*** Listed entries ***

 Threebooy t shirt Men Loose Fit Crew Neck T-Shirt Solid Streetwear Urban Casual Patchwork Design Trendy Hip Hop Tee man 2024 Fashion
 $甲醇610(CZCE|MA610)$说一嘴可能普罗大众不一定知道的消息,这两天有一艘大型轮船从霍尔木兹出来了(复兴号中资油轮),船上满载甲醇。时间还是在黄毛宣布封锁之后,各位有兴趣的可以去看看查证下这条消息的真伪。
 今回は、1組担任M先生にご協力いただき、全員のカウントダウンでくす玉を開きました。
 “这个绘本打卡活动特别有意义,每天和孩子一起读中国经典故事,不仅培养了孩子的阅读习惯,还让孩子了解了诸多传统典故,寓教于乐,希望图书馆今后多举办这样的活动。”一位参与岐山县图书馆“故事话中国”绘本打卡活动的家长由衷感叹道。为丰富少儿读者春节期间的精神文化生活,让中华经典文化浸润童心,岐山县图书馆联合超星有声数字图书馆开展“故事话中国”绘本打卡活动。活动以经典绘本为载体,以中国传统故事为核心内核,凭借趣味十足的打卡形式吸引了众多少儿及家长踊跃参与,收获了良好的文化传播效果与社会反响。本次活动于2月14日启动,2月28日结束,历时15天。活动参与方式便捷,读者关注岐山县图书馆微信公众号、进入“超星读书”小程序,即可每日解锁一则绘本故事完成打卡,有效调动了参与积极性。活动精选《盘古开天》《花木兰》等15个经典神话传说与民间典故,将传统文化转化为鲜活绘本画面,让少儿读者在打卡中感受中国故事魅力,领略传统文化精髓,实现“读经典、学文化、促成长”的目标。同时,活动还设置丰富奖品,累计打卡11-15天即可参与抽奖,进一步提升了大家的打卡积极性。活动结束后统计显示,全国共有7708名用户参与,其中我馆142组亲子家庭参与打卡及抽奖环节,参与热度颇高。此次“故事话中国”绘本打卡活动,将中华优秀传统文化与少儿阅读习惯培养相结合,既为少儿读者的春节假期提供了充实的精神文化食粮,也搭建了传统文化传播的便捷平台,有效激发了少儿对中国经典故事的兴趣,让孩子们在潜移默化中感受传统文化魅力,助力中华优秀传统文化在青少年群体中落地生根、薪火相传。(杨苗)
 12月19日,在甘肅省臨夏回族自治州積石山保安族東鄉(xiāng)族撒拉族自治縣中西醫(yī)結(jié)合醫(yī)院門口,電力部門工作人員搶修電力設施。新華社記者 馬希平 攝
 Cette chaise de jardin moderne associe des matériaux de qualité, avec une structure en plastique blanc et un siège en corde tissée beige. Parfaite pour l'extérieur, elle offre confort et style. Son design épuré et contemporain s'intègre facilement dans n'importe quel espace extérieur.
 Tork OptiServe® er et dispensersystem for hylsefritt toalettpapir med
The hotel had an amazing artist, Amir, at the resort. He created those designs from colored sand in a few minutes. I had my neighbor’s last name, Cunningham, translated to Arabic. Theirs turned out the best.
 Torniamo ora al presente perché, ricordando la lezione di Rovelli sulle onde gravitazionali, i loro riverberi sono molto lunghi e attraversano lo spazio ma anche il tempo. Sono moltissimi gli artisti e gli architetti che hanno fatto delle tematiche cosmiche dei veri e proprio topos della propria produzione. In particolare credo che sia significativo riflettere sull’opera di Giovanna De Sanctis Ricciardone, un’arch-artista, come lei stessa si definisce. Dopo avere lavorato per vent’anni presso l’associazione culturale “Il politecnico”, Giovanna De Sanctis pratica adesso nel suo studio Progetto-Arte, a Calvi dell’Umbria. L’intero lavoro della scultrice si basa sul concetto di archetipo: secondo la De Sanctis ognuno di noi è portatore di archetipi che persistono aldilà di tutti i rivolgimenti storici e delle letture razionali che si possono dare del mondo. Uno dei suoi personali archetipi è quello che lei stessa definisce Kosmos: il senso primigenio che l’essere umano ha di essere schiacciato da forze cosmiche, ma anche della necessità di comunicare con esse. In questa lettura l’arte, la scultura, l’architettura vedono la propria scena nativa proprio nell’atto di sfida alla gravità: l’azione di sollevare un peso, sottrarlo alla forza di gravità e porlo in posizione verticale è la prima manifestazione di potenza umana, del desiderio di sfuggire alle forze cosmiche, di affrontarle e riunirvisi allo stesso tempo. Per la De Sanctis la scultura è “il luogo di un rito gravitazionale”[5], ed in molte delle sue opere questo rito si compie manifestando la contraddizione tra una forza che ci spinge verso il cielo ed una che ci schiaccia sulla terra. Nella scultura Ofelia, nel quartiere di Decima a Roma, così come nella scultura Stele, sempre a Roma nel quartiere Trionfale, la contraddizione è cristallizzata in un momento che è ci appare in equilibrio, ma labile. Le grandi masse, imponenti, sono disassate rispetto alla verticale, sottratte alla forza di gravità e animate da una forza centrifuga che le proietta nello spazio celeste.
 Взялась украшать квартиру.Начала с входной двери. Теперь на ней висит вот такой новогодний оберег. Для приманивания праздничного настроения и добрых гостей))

***

Exercise objective:
Output the listing above word for word, from the opening line through the line that contains "今回は、1組担任M先生にご協", and leave out everything after it.

Response box:
 Threebooy t shirt Men Loose Fit Crew Neck T-Shirt Solid Streetwear Urban Casual Patchwork Design Trendy Hip Hop Tee man 2024 Fashion
 $甲醇610(CZCE|MA610)$说一嘴可能普罗大众不一定知道的消息,这两天有一艘大型轮船从霍尔木兹出来了(复兴号中资油轮),船上满载甲醇。时间还是在黄毛宣布封锁之后,各位有兴趣的可以去看看查证下这条消息的真伪。
 今回は、1組担任M先生にご協力いただき、全員のカウントダウンでくす玉を開きました。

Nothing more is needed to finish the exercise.